Crowdfunding has taken off in popularity in the last five years and right now is a great way to raise capital if you aren’t looking for a massive investment. There are many online platforms available, such as Kickstarter, that offer individuals and businesses a space where they can show off their ideas and get financially backed by any groups of, often anonymous, contributors.

If your product or service has a small serviceable niche then crowdfunding offers a unique space where groups of people who are passionate about certain projects can support the ideas they want to see develop further.

Venture capital

Venture capital (VC) is built around businesses that invest in other businesses. This is the method of fundraising that revolves around your company receiving capital for an agreed level of equity that the VC company then holds.

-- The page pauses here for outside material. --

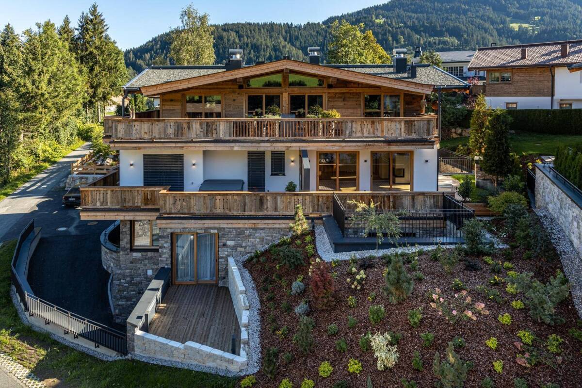 In einer spektakulären Lage der Prama begrüßt Sie dieser exklusive Neubau, welcher insgesamt drei luxuriöse Domizile enthält. Zurzeit bieten wir die Wohnung TOP1 an, welche sich über eine Etage erstreckt. Das wunderschön gestaltete Wohnzimmer mit Designeinrichtung, das sicherlich als Highlight dieser Immobilie zu bezeichnen ist, glänzt durch die offene Aufteilung, einen kuscheligen Kamin mit Terrastonebeschichtung samt Schwarzstahleinsatz für das Brennholz sowie großzügigen Fensterfronten, welche einen herrlichen Panoramablick auf das Kaisergebirge gewährleistet. Neben dem attraktiven Wohnbereich beinhaltet dieses Apartment einen wunderbaren Masterbereich mit seinem äußerst großzügigen Schlafzimmer, einer wunderschöne ausgestatteten Garderobe, dem noblen Designbadezimmer mit Dusche, Badewanne und einladender Altholzsauna sowie eine geschützte Terrasse im Außenbereich. Zwei weitere Schlafzimmer mit gemeinsamem Balkon und Badezimmer, ein Gäste-WC, die praktische Abstellkammer sowie ein äußerst großzügiger, nobel ausgestatteter Flur runden das Interieur dieser luxuriösen Einheit ab. Zu diesem Angebot gehört zusätzlich ein ca. 25 m² großes Kellerabteil, ein Schrank im Skikeller und zwei TG-Stellplätze. Besonders hervorzuheben sollte bei dieser Einheit die gelungene Raumaufteilung, das harmonische Farb- und Lichtkonzept sowie die absolut hochwertige Designeinrichtung in sämtlichen Bereichen. Selbstverständlich ist auch die Technik auf dem neuesten Niveau, ein Personenaufzug, ein Gasanschluss in der Küche, dreifach verglaste Lärchenfenster, Raffstore, die extern steuerbare Fußbodenheizung sowie weitere Details sind hier selbstverständlich.
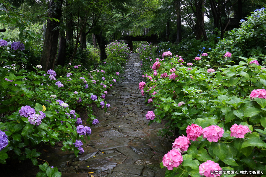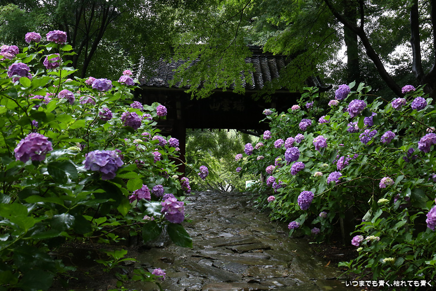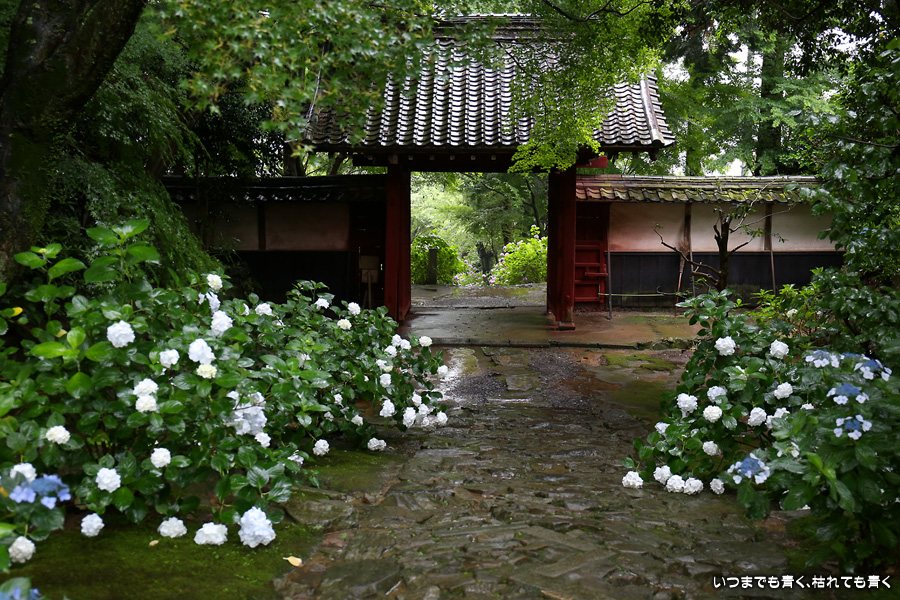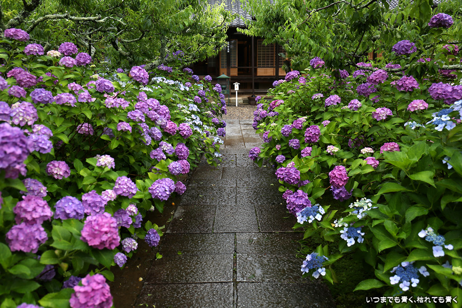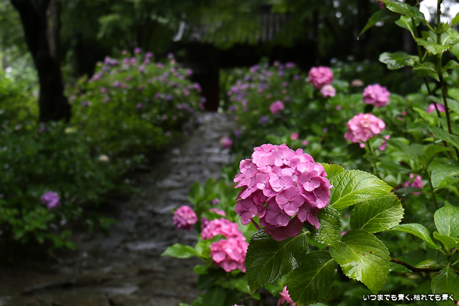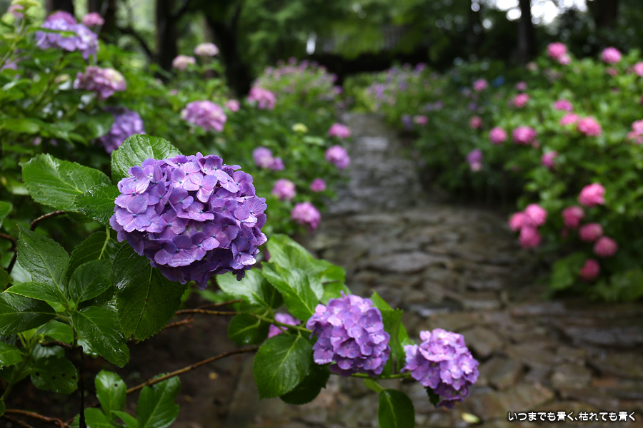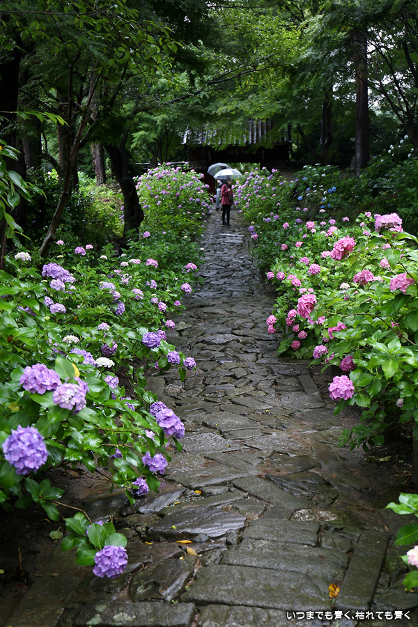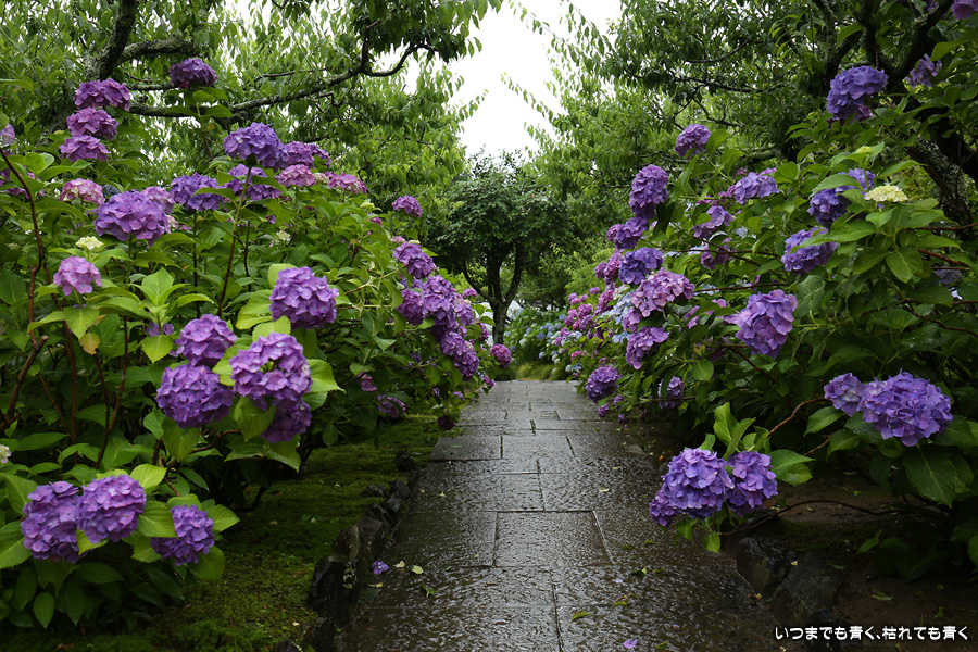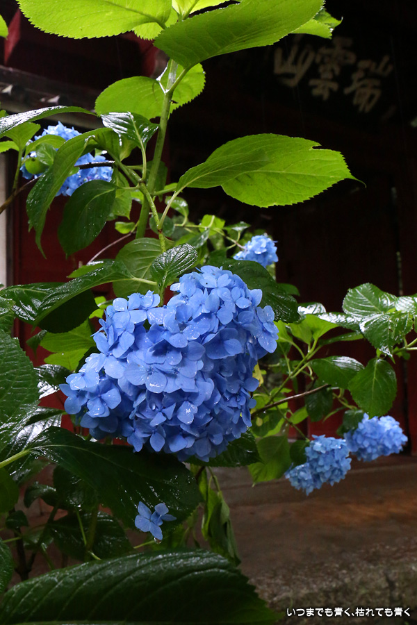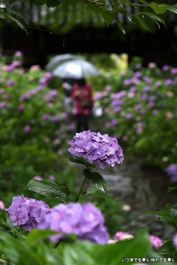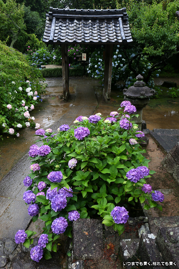 形原温泉あじさいの里の帰りに雨の本光寺の紫陽花も見たくて立ち寄りました。雨の日の撮影は大変ですが、紫陽花は雨の日のほうが美しく写真におさめることができたと思います。ひととおり撮影した後にもう一度境内に戻ろうとした時にアクシデントがありました。団体の大勢のおばちゃんを追い抜こうとして石畳からぬかるみに足を置いた瞬間、滑って転んで尻もちをついてしまいました。おばちゃんたち、「大丈夫?」と心配してくださるので「服はよごれましたが大丈夫です!」と言ってお礼を言って立ち去りましたが、お尻は泥だらけになり、膝を捻って少し痛めてしまいました。無理に追い越そうとしたこと、靴が古くなって滑りやすくなっていたことが良くなかったです。大怪我しなくて良かったです。

Because of the restrictions within the UAE on private equity, most VCs are based offshore so you may need to look further afield than your local network.

Depending on the type of agreement that you have, further down the line you can either buy that equity share back or the VC company will look to sell it on their own terms. VC is built around speculation and very often it focuses more on the financials of a business rather than how good its products or services might be.

Angel investment

Last on our list is Angel investors. These guys are typically individuals behaving as solo venture capitalists. They’re likely to start by focusing on your relationship with them rather than the cold hard facts and this lower level of formality can help to put new businesses at ease when they’re under pressure to raise capital.

There are a number of Angel investment networks, such as Emirates Angels, that you can also tap into so that you can make the right connections with investors who are more likely to have an interest in what you’re building.

Support from the UAE

The UAE is a global hub for startup enterprises and because of this, there are a number of government funds as well as guidance and support available for entrepreneurs. We’ll touch on them briefly here and if you want to find out more about them all the links are provided for you.

The Mohammed Bin Rashid Fund For SME

The goal of the Mohammed Bin Rashid Fund For SME is to help Emirati investors finance innovative pilot projects for small and medium-sized businesses. This is done by putting in a lot of time and effort to study the projects presented to the fund and then working with them to find the best ways for you to start and also grow your business.

It isn’t just money that the Mohammed Bin Rashid Fund For SME fund provides but also advice, direction and guidance for the most promising UAE startups. In their own words, ‘Our goal is not just to provide funds, but to prepare a generation of entrepreneurs’.

Dubai Future Accelerators & Area 2071

AREA 2071 is a centre for innovation inspired by The UAE Centennial Plan 2071 and brings together talented people, government support, as well as the private sector, to work together on designing and testing new solutions for the future. It also focuses on building strategic partnerships, remembering what we said about networking, and gives its community opportunities to grow by looking toward the future of its business and the wider industry.

Khalifa Fund

The Khalifa Fund was set up in June 2007 as an independent, non-profit agency of the Government of Abu Dhabi to help develop SMEs. The goal of creating the fund was to help develop local businesses in Abu Dhabi by making UAE citizens more interested in investing in them. The fund now helps to support and grow small to medium-sized investments in the wider emirate. The Khalifa Fund began with a capital of AED 300 million, which has grown over time to AED 2 billion and now covers the whole UAE.

Where do you start?

There is of course a great deal more involved in raising capital than what is in this guide. Certainly, a lot of hard work goes into creating some of the things we have touched on but you need to get the basics sorted, all of your business information ready, and at the same time start connecting with people.

Right now is the best time to start and if you do you’ll be joining a large group of other great people and businesses. In fact, SMEs represent more than 94% of all companies in the UAE so it’s clearly a good place to build your business.